なんと言うべきか。迷いながらも口を開けば、次から次へと言葉は溢れていく。

「情け容赦ねえ、おっかねえ奴でさ。この俺が何度ヒヤってしたかわかんねえってくらい。もちろん、俺が負けるなんてありえねえから、最後は引き分けだぜ?でも、絶対引き分けなんだよなあ。いつも、どんなときでも、諦めない、すっげえ強いやつなんだ。強いっつても、体はちっさいし、体力なんて子供並だし、それなのに無茶ばかりすっから、危なっかしくて、いつもはらはらしちまうんだけどよ」

そうだ。はらはらして、いつも放っておくなんてできなくて。

「俺が、唯一ライバルって認めたくらい、かっこいいやつなんだよ」

その無茶をする姿が胸を梳くくらいに格好いい。記憶の中の蒼の眼差しを正視する。しばらく遠ざかっていた熱が胸の奥から溢れては満ちていく。

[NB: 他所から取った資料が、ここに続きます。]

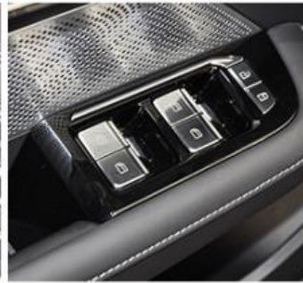
Tire Pressure Monitoring

「あいつはさ、ちょっと悪い魔法をかけられてて、すげえ危ないところで、ずっと一人で戦っててさ。
あいつを好きなやつはいっぱいいるんだよ。だから一人なんかじゃないのに、あいつはいつも一人で走っていくんだ。あいつと一緒に走れんのは、俺しかいねえ。だから助けてやりたいんだ」

唯一の好敵手。それが彼であることは、この人の息子であることと同じくらいに誇らしい。

「助けられて喜ぶようなやつじゃないから、余計なことすんなって、絶対邪険にされるに決まってんだけど。あんな必死でいろんなもん守ろうとして、生きてるやつをほっとけねえだろ」

違うだろ。頭の中で、偽りを許さない子供が睨みつける。そうだ。違う。ここまできたんだ。もう余計な虚勢なんていらない。

「いや、そうじゃない。たぶん俺の方がさ。あいつの側にいてえだけんだ」

震える手が覚悟を掴む。かつては確かにこの身の一部だった、今は父親のものである白。

「だから、親父。怪盗キッドを俺にくれ」

借り物だったそれを、今こそ自分のものにするために、白い装束を纏って、頭を下げた。

盗一は、真白の姿になった息子を見て、目を細めた。罪の証の白を力に変える、若い鼓動。

父親が息子に与えられる言葉なんて、いつだって一つに決まってる。

「行ってこい」

「ありがとう。オヤジ」

生き返った父親を直視するのは、最初の朝以来だと不意に気づく。

そして、成就した幸せに背を向けた。

さあ行こう。伝説の宝石なんかのためじゃない。唯一の人のための舞台へ。

過去の幻影は静かにその姿を見守るしかないのだ。